Артур покуривал в тамбуре, восстанавливая давние обстоятельства своей таборной эпопеи. Когда Петрович дал ему перстень как вечный мандат и пропуск в таборный мир, он спросил:

«Зачем это, дадо? Думаю, что и так могу прийти к вам и не обидите меня».

«Э, морэ. Времена меняются. Кто знает, что будет в таборе. Люди тоже меняются. А перстень убережет тебя».

Колеса стучали. Люди в вагоне готовились спать. Возникла очередь в туалет. Кричали какие-то дети. Подойдя к своему купе, Артур услышал оттуда шум, заставивший его подобраться. Там разорался какой-то мужчина: он матерился.

Артур рывком сдвинул дверь.

На нижней полке сидел с сигаретой давешний парень в спортивной куртке.
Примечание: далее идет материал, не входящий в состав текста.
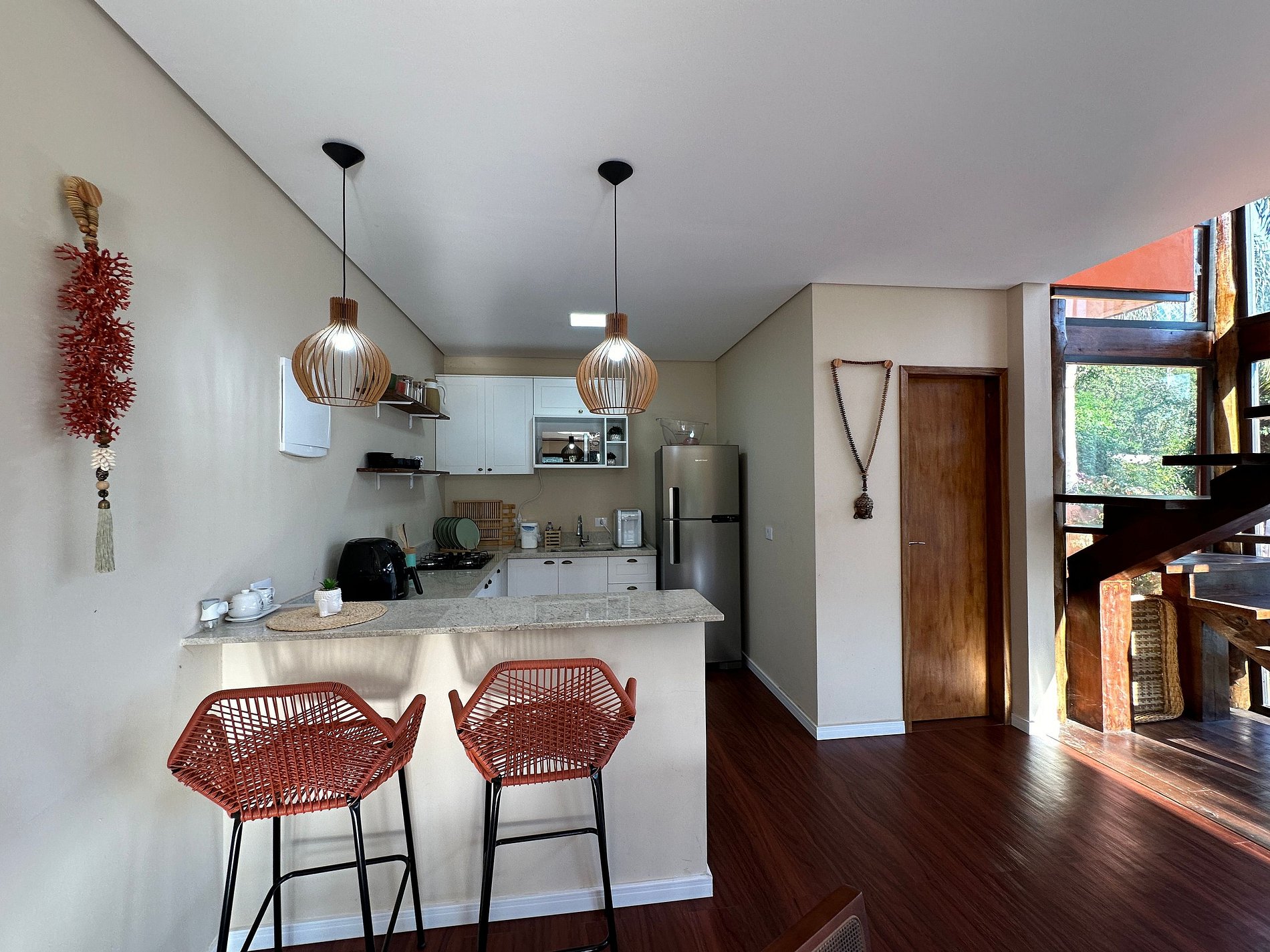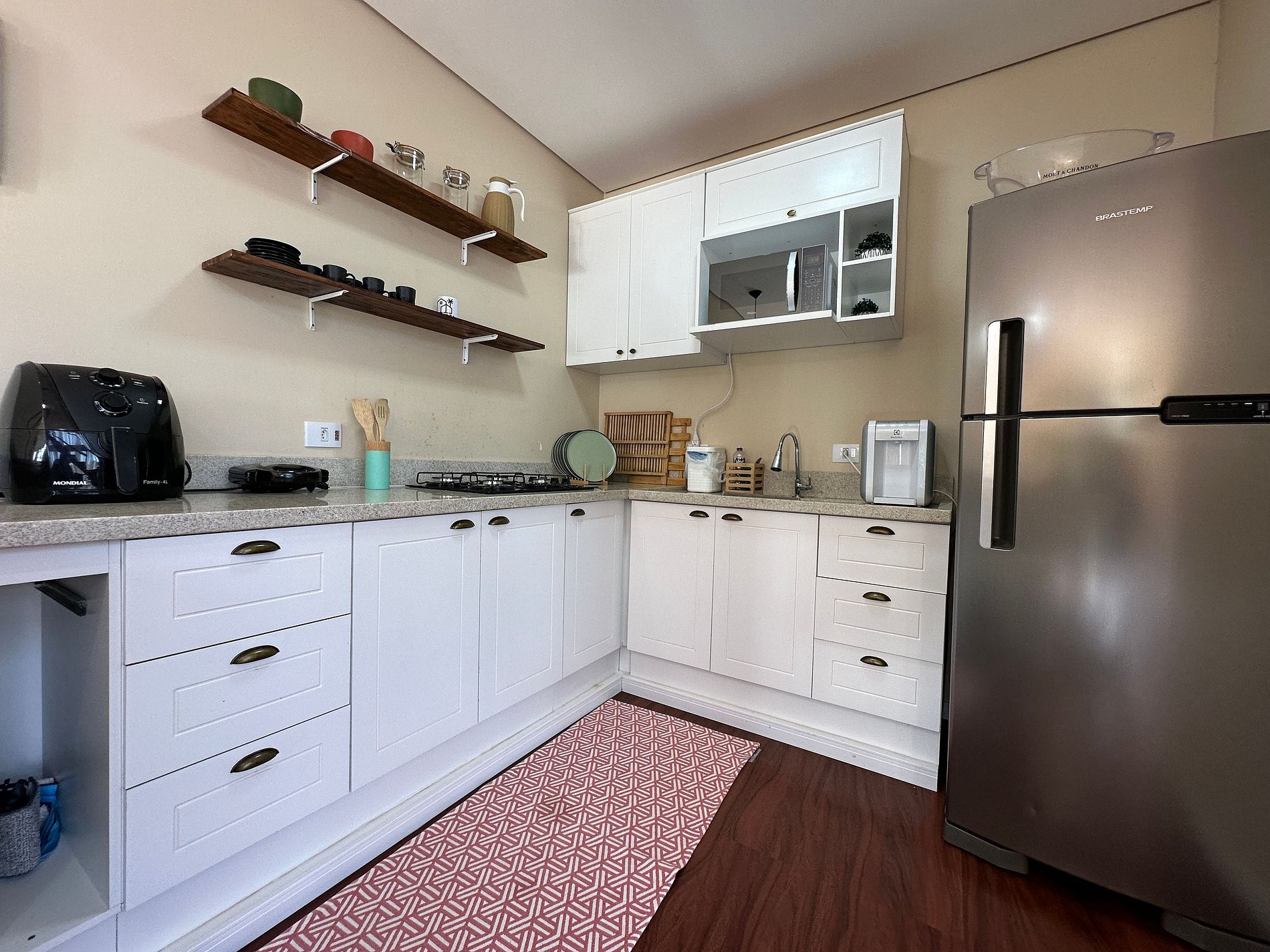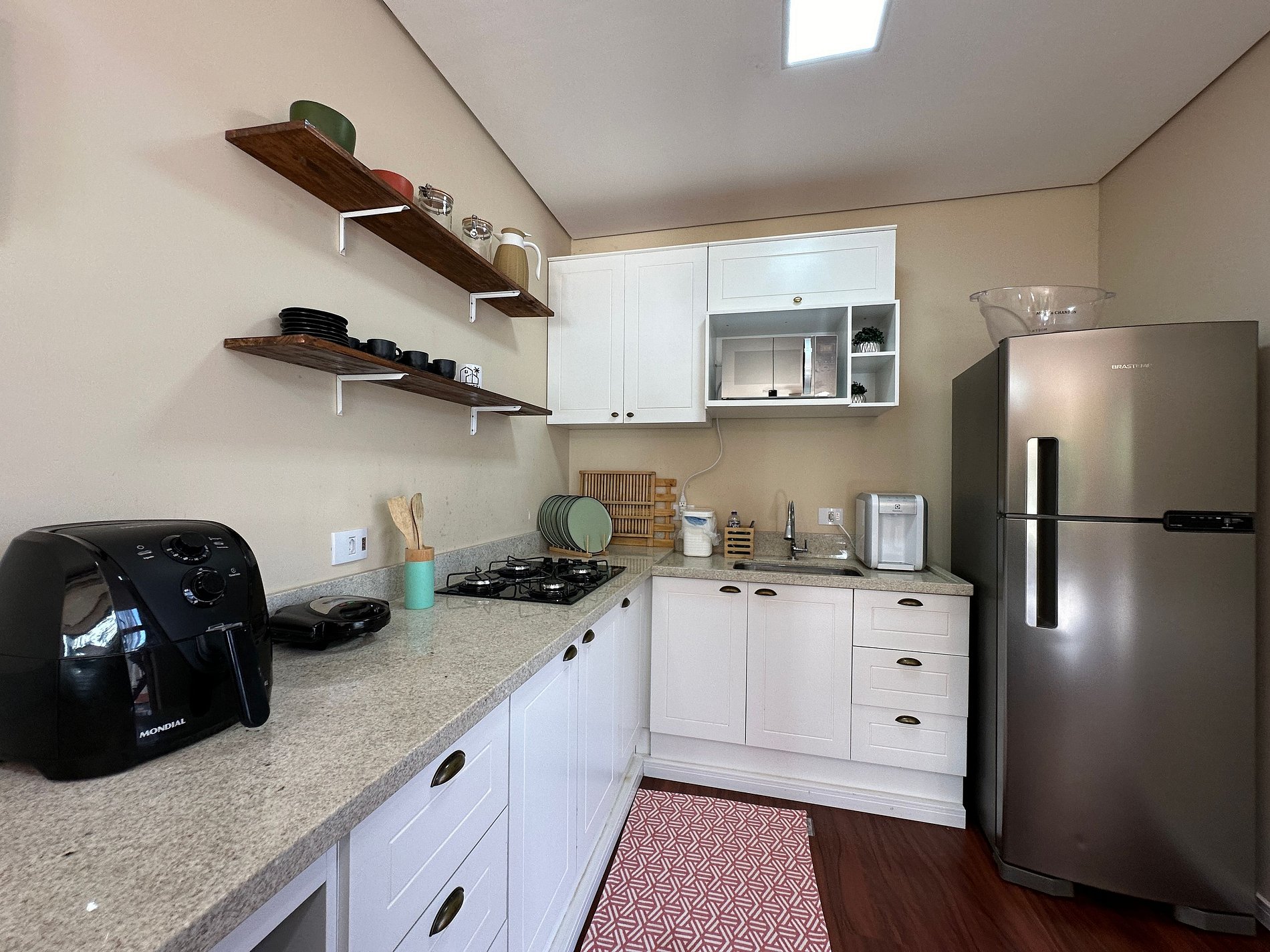 - Itens da cozinha: fogão, forno, geladeira com freezer, micro-ondas, liquidificador, torradeira, Airfryer, louças, talheres, panelas e demais utensílios necessários para uma boa estadia;
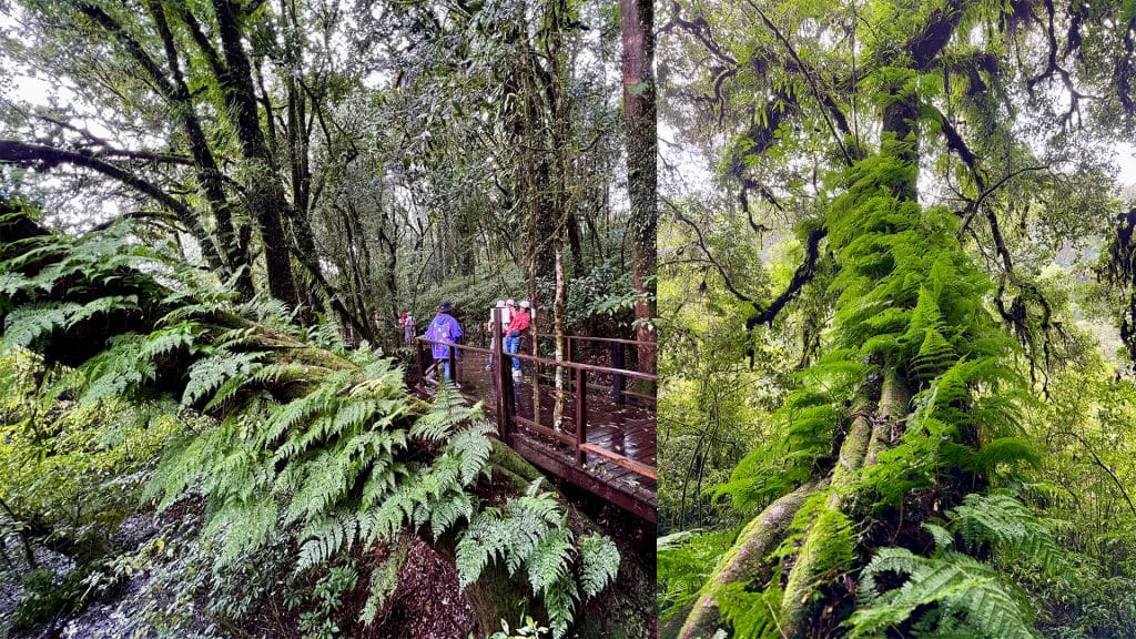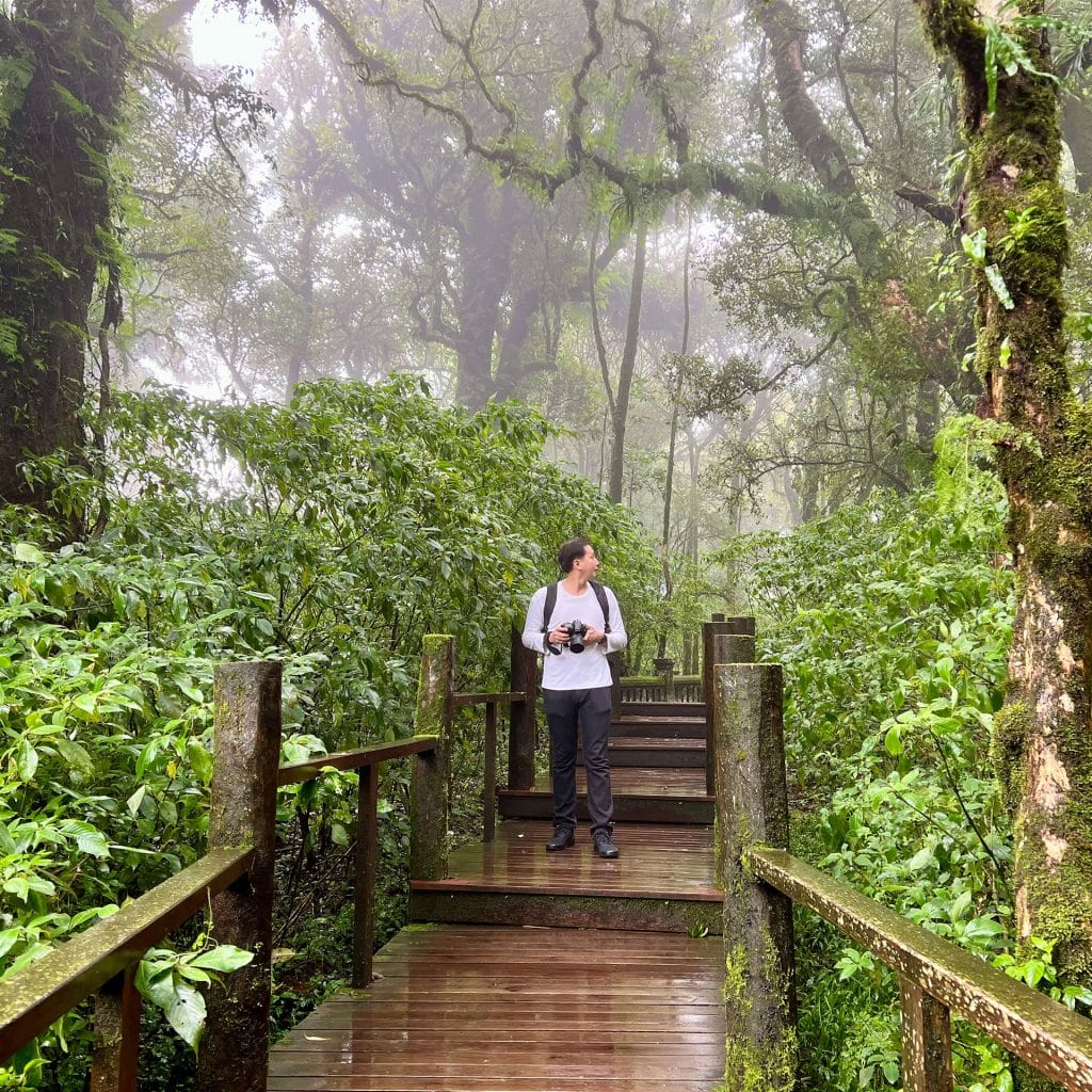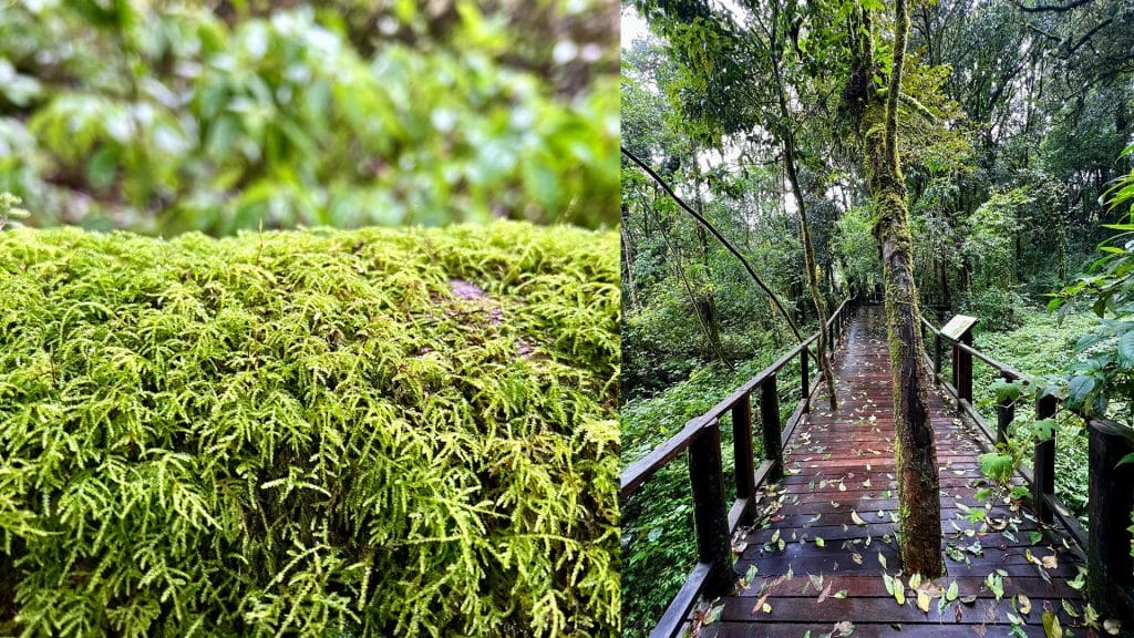 ช่วงหน้าฝน…ที่นี่จะปกคลุมไปด้วยผืนป่าสีเขียวขจี เมื่อเดินลึกเข้าไปข้างในจะมีละอองน้ำที่เกาะตามกิ่งไม้ ใบไม้ปลิวหล่นลงมากระทบร่างกายให้ความสดชื่น บางครั้งก็มีสายหมอกและลมเย็น ๆ พัดผ่าน เดินเล่นถ่ายรูปไปเพลิน ๆ หยุดเก็บภาพความประทับใจและหยุดพักฟังเสียงร้องของนกนานาชนิดที่อาศัยอยู่ท่ามกลางธรรมชาติอันสมบูรณ์ เป็นเสน่ห์ตามธรรมชาติที่เพื่อน ๆ ไม่ควรพลาดเมื่อมาเที่ยวดอยอินทนนท์ช่วง Green Season นี้

Кроме него и Светы в купе была еще женщина, молоденькая блондинка. Тоже попутчица, судя по ее сумкам.

Артур шагнул в дым.

— В чем дело? — спросил он.

— Вот этот, — сказала Света, мотнув подбородком на кудрявого, — предлагает нам с тобой… — Артур мельком отметил, что эта женщина говорит ему «ты», — да, нам с тобой, меняться местами с его, понимаешь ли, корешами. — Света выговорила это насмешливо. — Его кореша — в соседнем вагоне. Ты представляешь? А Иру, значит, — кивок на блондинку, — оставить здесь. Им.

Блондинка хлопала ресницами, жалась в угол. Кудрявый ухмылялся, блестя золотым зубом.

— Наше вам, фраерок, — сказал он. — Пока просим, блин, вежливо. Телка — моя. Место — мое. Ты усек?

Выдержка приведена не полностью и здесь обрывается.